- **What to do**
What you return must match the listing below character for character, minus any pictures.

*** Opening of Information shown ***

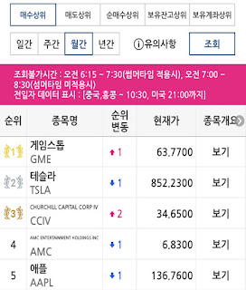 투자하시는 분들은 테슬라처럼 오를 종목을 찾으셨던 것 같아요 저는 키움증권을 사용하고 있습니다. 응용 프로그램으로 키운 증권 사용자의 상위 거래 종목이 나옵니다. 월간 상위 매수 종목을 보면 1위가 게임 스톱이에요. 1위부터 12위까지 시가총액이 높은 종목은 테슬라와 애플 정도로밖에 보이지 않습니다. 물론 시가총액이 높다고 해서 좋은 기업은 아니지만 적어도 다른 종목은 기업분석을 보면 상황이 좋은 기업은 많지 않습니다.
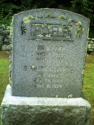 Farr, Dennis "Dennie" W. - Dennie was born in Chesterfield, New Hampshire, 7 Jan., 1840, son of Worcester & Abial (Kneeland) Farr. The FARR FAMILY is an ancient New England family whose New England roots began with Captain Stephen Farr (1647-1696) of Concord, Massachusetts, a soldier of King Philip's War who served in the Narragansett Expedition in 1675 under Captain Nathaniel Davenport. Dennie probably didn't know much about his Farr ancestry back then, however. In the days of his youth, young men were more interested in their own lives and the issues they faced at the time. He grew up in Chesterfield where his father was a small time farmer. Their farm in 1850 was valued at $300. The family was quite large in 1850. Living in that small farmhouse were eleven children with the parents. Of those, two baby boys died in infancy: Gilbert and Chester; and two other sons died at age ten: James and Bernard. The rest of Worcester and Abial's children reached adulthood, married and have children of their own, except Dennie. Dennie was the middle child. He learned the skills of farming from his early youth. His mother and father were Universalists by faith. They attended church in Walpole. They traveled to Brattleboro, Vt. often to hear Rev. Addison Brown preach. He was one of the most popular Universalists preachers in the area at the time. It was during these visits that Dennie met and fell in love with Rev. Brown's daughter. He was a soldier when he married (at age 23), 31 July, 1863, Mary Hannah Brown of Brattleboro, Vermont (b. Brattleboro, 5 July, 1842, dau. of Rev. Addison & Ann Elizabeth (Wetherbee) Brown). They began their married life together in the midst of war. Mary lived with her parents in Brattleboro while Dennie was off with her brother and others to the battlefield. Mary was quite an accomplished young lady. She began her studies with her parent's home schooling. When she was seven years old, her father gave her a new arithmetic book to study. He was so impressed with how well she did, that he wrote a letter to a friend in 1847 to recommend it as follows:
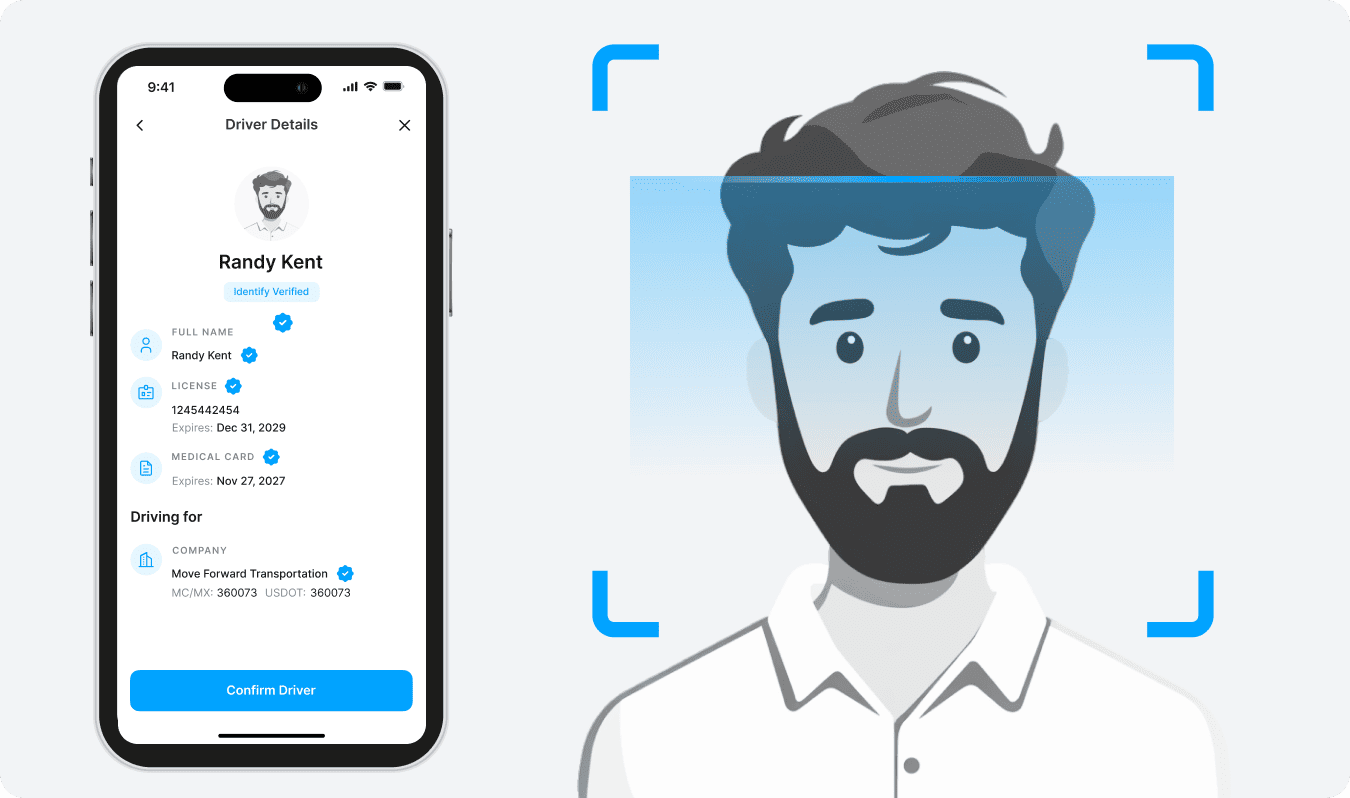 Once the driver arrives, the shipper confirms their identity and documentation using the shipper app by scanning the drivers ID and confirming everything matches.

*** Close of Information shown ***

- **Answer for the task**
 투자하시는 분들은 테슬라처럼 오를 종목을 찾으셨던 것 같아요 저는 키움증권을 사용하고 있습니다. 응용 프로그램으로 키운 증권 사용자의 상위 거래 종목이 나옵니다. 월간 상위 매수 종목을 보면 1위가 게임 스톱이에요. 1위부터 12위까지 시가총액이 높은 종목은 테슬라와 애플 정도로밖에 보이지 않습니다. 물론 시가총액이 높다고 해서 좋은 기업은 아니지만 적어도 다른 종목은 기업분석을 보면 상황이 좋은 기업은 많지 않습니다.
 Farr, Dennis "Dennie" W. - Dennie was born in Chesterfield, New Hampshire, 7 Jan., 1840, son of Worcester & Abial (Kneeland) Farr. The FARR FAMILY is an ancient New England family whose New England roots began with Captain Stephen Farr (1647-1696) of Concord, Massachusetts, a soldier of King Philip's War who served in the Narragansett Expedition in 1675 under Captain Nathaniel Davenport. Dennie probably didn't know much about his Farr ancestry back then, however. In the days of his youth, young men were more interested in their own lives and the issues they faced at the time. He grew up in Chesterfield where his father was a small time farmer. Their farm in 1850 was valued at $300. The family was quite large in 1850. Living in that small farmhouse were eleven children with the parents. Of those, two baby boys died in infancy: Gilbert and Chester; and two other sons died at age ten: James and Bernard. The rest of Worcester and Abial's children reached adulthood, married and have children of their own, except Dennie. Dennie was the middle child. He learned the skills of farming from his early youth. His mother and father were Universalists by faith. They attended church in Walpole. They traveled to Brattleboro, Vt. often to hear Rev. Addison Brown preach. He was one of the most popular Universalists preachers in the area at the time. It was during these visits that Dennie met and fell in love with Rev. Brown's daughter. He was a soldier when he married (at age 23), 31 July, 1863, Mary Hannah Brown of Brattleboro, Vermont (b. Brattleboro, 5 July, 1842, dau. of Rev. Addison & Ann Elizabeth (Wetherbee) Brown). They began their married life together in the midst of war. Mary lived with her parents in Brattleboro while Dennie was off with her brother and others to the battlefield. Mary was quite an accomplished young lady. She began her studies with her parent's home schooling. When she was seven years old, her father gave her a new arithmetic book to study. He was so impressed with how well she did, that he wrote a letter to a friend in 1847 to recommend it as follows:
 Once the driver arrives, the shipper confirms their identity and documentation using the shipper app by scanning the drivers ID and confirming everything matches.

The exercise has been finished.